Knowledge Graphs (KGs), with their interconnected entities and relationships, are pivotal in applications like search engines and AI. A key operation in KGs is entity lookup, which retrieves entities using specific text inputs. Given the large scale and complexity of KGs, this task can be challenging.

In information retrieval, text-based entity lookup employs natural language processing techniques like Named Entity Recognition (NER) and Term Frequency-Inverse Document Frequency (TF-IDF), and potentially advanced methods like machine learning. The goal is to identify and extract entities from the KG that best match or relate to the input text, a crucial process for fields like information extraction, question answering systems, and semantic search [Avogadro et al 2022, Gillick et al 2019].

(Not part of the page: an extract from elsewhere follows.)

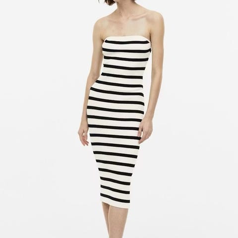 Myk og god kjole, stripete, 3/4 arm, 95% bomull 5% elastan, Meadows & Byrne. Kjempefin hverdagskjole!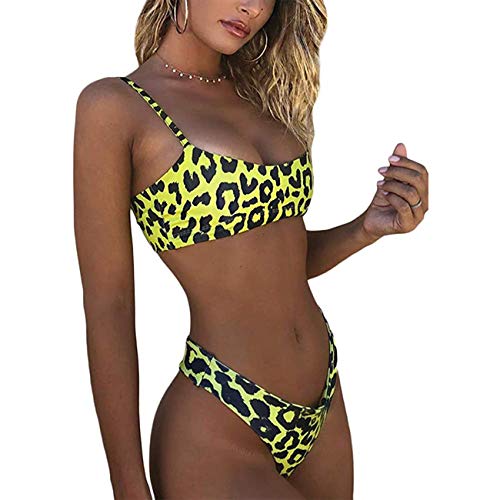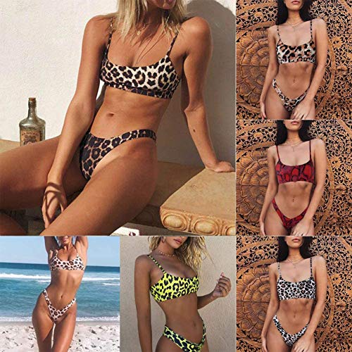 MU2827924 Bikini de Dos Piezas con Tirantes de Leopardo, Sexy Bikini con Estampado de Leopardo, Elegir un Regalo Playa,H,M

Expanding on the existing solution at https://bitbucket.org/disco_unimib/lamapi, the aim is to optimise the data retrieval process for better performance and quicker response time. The objective includes enhancing the system's robustness against errors. To measure the enhancements, Coverage and Mean Reciprocal Rank (MRR) will be used as validation metrics.

Work to be done:

  •  Develop a proposal for a method more efficient than the current one.
  • Evaluate and present the response time of the proposed method in terms of queries per second, using a given infrastructure.
  • Validate the effectiveness of the proposed method using Coverage and Mean Reciprocal Rank (MRR) as key metrics.

References:

[Avogadro et al 2022] Avogadro, R., Cremaschi, M., D’adda, F., De Paoli, F., & Palmonari, M. (2022). LamAPI: a Comprehensive Tool for String-based Entity Retrieval with Type-base Filters. In 17th ISWC workshop on ontology matching (OM).

[Gillick et al 2019] Gillick, D., Kulkarni, S., Lansing, L., Presta, A., Baldridge, J., Ie, E., & Garcia-Olano, D. (2019). Learning dense representations for entity retrieval. arXiv preprint arXiv:1909.10506.